Review : Transformers: The Last Knight
“It has been said throughout the ages, that there can be no victory, without sacrifice.”
Ladies and gentleman, Transformers is back.
Berkaca pada kualitas dari Transformers: Age of Extinction yang letoy, banyak pihak – terutama mereka yang bukan berasal dari kalangan penggemar – bertanya-tanya, “kenapa sih Michael Bay tidak berkenan membiarkan franchise Transformers beristirahat dengan damai? Apa lagi sih yang hendak dikulik lewat pertempuran antar robot yang plotnya begitu-begitu saja?.” Well, sekalipun kritikus kerap mencibirnya sinis dan Bay seolah telah mengendur semangatnya dalam menggarap instalmen keempat, pihak studio tentu tak akan secara sukarela memberhentikan franchise tarung robot yang didasarkan pada produk mainan ciptaan Hasbro ini terlebih dikala masih sanggup mengumpulkan miliaran dollar dari peredaran di seluruh dunia. Hey, bagaimanapun juga ini ialah bisnis sehingga saat uang masih mengalir deras ke brankas, kenapa mesti berhenti? Dilandasi alasan “money talks” – yang secara implisit bermakna, banyak khalayak ramai yang tetap menginginkan Transformers berlanjut – dikreasilah jilid kelima oleh Paramount Pictures yang diberi subjudul The Last Knight. Konon kabarnya, The Last Knight akan menjadi salam perpisahan bagi Michael Bay kepada anak asuhnya ini. Jikalau benar demikian, maka The Last Knight merupakan salam perpisahan yang layak dari Bay untuk Transformers.
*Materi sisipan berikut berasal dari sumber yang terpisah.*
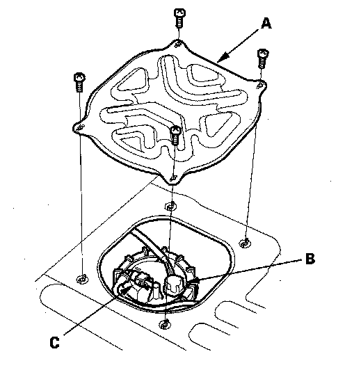 6. Disconnect the quick-connect fitting (C) from the fuel tank unit.

Apakah Optimus Prime (Peter Cullen) adalah salah satu aksara favoritmu dalam franchise Transformers? Apabila jawabanmu ya, bersiaplah untuk sedikit menelan kekecewaan sebab beliau tak memperoleh banyak jatah tampil di The Last Knight. Pemicunya, perjalanan menjumpai Sang Pencipta ke Cybertron. Ketidakhadiran pemimpin Autobots di muka bumi berdampak pada kekacauan besar-besaran sehingga sejumlah pemerintah pun memutuskan untuk membentuk Transformers Reaction Force (TRF) untuk menghancurkan para Transformers tak peduli di faksi mana mereka berpihak. Hanya pendekar kita, Cade Yeager (Mark Wahlberg), yang masih menaruh doktrin pada para robot dan keputusannya tersebut harus dibayar mahal dengan menjadi buron pemerintah yang memaksanya untuk bersembunyi dari peradaban dunia. Keberadaan Yeager sendiri lantas terendus usai TRF bekerja sama dengan Decepticon untuk melacak Yeager beserta keluarga Autobots-nya. Dalam upayanya melarikan diri, Yeager memperoleh sumbangan dari robot C-3PO kw, Cogman (Jim Carter), yang mengabdi pada seorang kaya hebat sejarah yang mengenal amat baik sejarah Transformers, Sir Edmund Burton (Anthony Hopkins). Menurut Burton, bumi tengah berada di ambang kehancuran akibat planning bacin Cybertron dan disamping Optimus Prime, Yeager dan seorang profesor di Universitas Oxford bernama Viviane (Laura Haddock) merupakan impian terbaik yang dimiliki bumi dikala ini.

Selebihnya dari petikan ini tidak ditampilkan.